-- Opening Marker --

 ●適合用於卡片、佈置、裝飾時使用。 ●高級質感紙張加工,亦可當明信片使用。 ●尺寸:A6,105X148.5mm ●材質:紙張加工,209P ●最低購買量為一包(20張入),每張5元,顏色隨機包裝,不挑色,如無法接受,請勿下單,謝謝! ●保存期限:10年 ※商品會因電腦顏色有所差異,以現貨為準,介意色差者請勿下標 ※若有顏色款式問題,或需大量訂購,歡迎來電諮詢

-- Closing Marker --
-- Opening Marker --

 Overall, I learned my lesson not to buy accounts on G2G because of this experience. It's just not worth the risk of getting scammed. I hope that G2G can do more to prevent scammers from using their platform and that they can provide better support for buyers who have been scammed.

-- Closing Marker --
-- Opening Marker --

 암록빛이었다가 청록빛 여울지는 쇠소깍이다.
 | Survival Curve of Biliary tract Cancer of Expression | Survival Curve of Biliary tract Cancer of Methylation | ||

-- Closing Marker --

* [Exercise requirements]: Leave out every line above except those from the line with "암록빛이었다가 청록빛 여울지는 쇠소깍이다." up to and including the line with "Methylation | ||", and copy those exactly.

* [Result of the exercise]:
 암록빛이었다가 청록빛 여울지는 쇠소깍이다.
 | Survival Curve of Biliary tract Cancer of Expression | Survival Curve of Biliary tract Cancer of Methylation | ||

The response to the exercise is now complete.